Ginger and Pear Upside-Down Cake
Serving Size: 12
- 2 sticks unsalted butter, softened
- 1 tsp pure vanilla extract
- 3 large eggs
- 1.25 cup granulated sugar
- 0.25 tsp salt
- 0.25 tsp freshly grated nutmeg
- 0.25 tsp ground ginger
- 1 tsp cinnamon
- 1.5 tsp baking powder
- 2 cup all-purpose flour
- 2 Tbsp minced crystallized ginger
- 0.25 cup plus 2 tablespoons honey
- 0.5 cup packed light brown sugar
- 4 medium, very firm Bosc pears—peeled, cored and cut into eighths
- 0.75 cup milk
- Preheat the oven to 350°. In a 10-inch cast-iron skillet, melt 4 tablespoons of the butter. Add the pears and cook over high heat, stirring, until crisp-tender. Add 4 tablespoons of the butter, the brown sugar and honey and stir over moderate heat until melted.
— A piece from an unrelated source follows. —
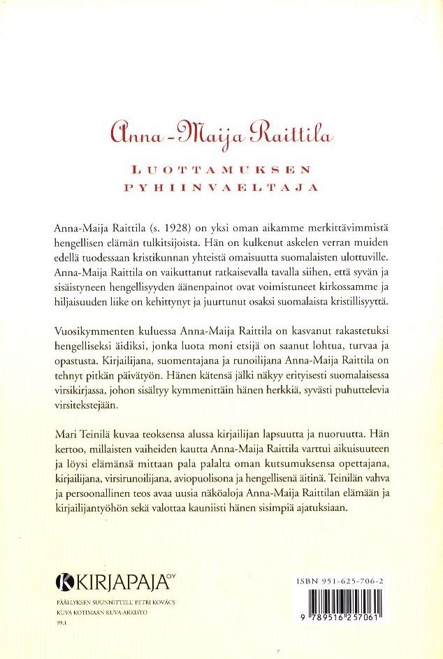 • Nimike: Anna-Maija Raittila: luottamuksen pyhiinvaeltaja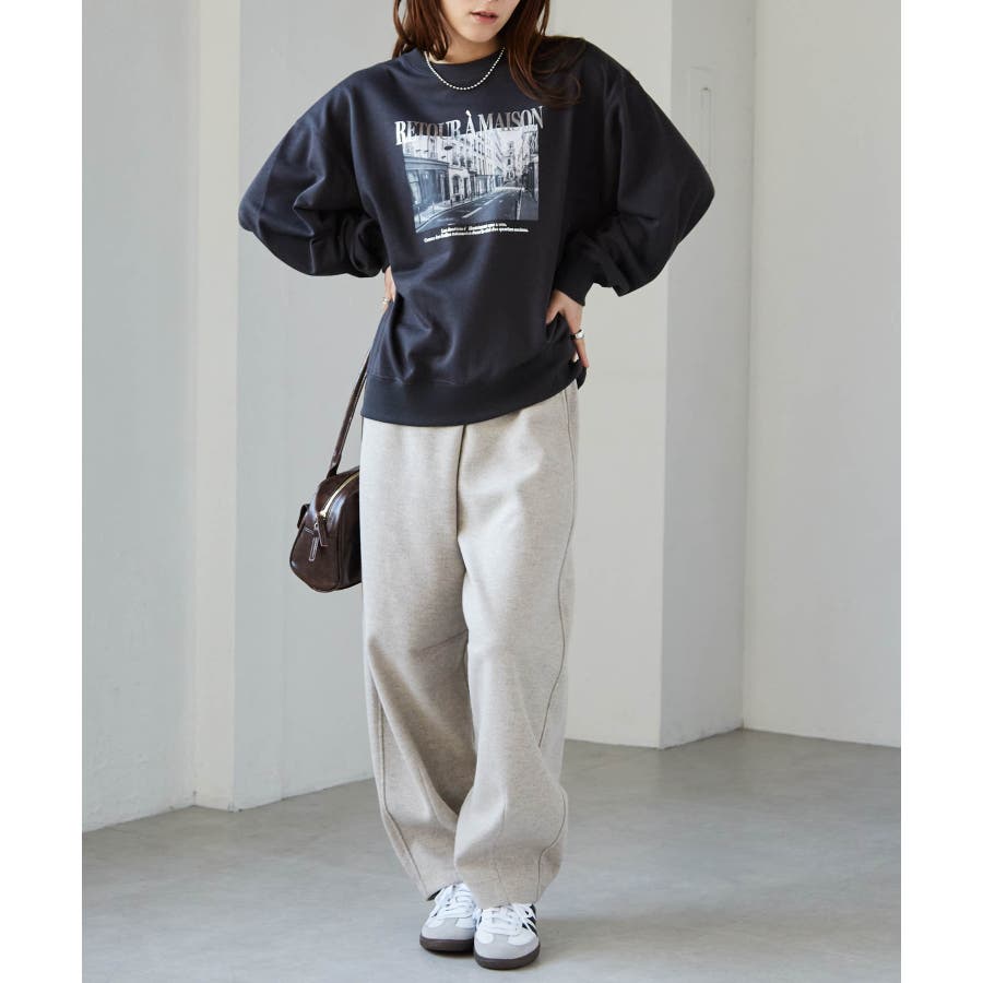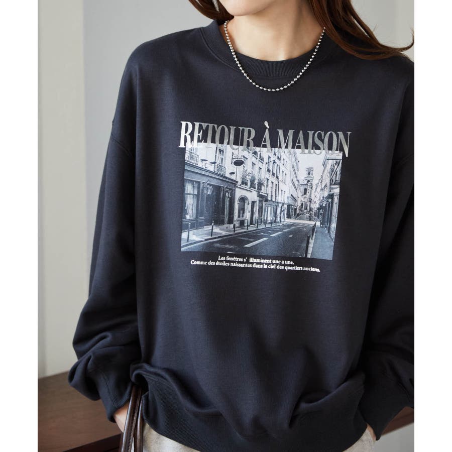 フォトプリントが可愛い、大人カジュアルなスウェットプルオーバー。

Off the heat, arrange the pears in an overlapping ring, with the pointed ends facing the center. Fill the center with pears and sprinkle with the crystallized ginger.
- In a medium bowl, whisk the flour, baking powder, cinnamon, ground ginger, nutmeg and salt. In a large bowl, cream the remaining stick of butter. Add the granulated sugar; beat until light and fluffy. Beat in the eggs, 1 at a time. Add the vanilla. Beat in the dry ingredients in 3 additions, alternating with the milk. Spoon the batter evenly over the pears, spreading it to the edge.
- Bake the cake on the bottom oven rack for 30 minutes, or until golden and a toothpick inserted in the center comes out clean. Let cool for 10 minutes, then invert a plate over the skillet. Quickly invert the skillet to release the cake. Replace any pears that stick to the skillet and drizzle any remaining syrup over the cake. Let cool before serving.
MAKE AHEAD: The unmolded cake can be refrigerated for up to 2 days.